# Social determinant of health patterns and mortality outcomes in US adults

**Authors:** Fangyuan Chen, Ryan D. Nipp, Xuesong Han, Zhiyuan Zheng, Tianci Wang, K. Robin Yabroff, Changchuan Jiang

PMC · DOI: 10.1186/s12889-025-24126-9 · 2025-08-14

## TL;DR

This study identifies five patterns of social determinants of health in US adults and finds that being unmarried and unemployed or facing multiple social challenges is linked to higher mortality risks.

## Contribution

The study introduces a novel approach to clustering multiple social determinants of health into distinct patterns and evaluates their joint effects on mortality outcomes.

## Key findings

- Five distinct SDOH patterns were identified in US adults aged 18–79.
- Patterns 4 and 5 showed worse mortality outcomes, including all-cause, cancer-specific, and cardiovascular disease-specific mortality.
- Comprehensive screening of SDOH profiles is recommended to understand cumulative health impacts.

## Abstract

Social Determinants of Health (SDOH) influences healthcare access, especially in patients with chronic diseases. However, SDOHs were often investigated as single variables. Combination patterns and joint effects of multiple SDOHs are much understudied. This study seeks to identify SDOH patterns in the US general population and their influence in all-cause and specific mortality.

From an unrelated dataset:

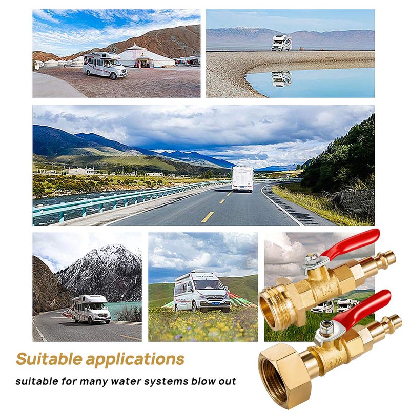 - ★ Widely Application :On one hand, suitable for most water system - RV boat camper travel trailer such vehicles which with water supply system. On the other hand, use to blow out/winterize any water system with an male garden hose thread, like garden hose, faucets, sprinkler systems and outdoor water lines.

This study included US adults aged 18 to 79 from 2002 to 2018 National Health Interview Survey (NHIS) and NHIS Linked Mortality Files. 12 SDOHs from 5 domains (healthcare access, education and literacy, economic stability, social isolation, neighborhood cohesion) were selected and binarized from the NHIS, including: material, psychological, and behavioral medical financial hardship, delayed care due to transportation and due to non-transportation factors, education, employment, food security, income, housing security, marital status, and neighborhood cohesion. Key outcomes, including all-cause, cancer-specific mortality, and cardiovascular disease-specific death were identified at quarter and year of death.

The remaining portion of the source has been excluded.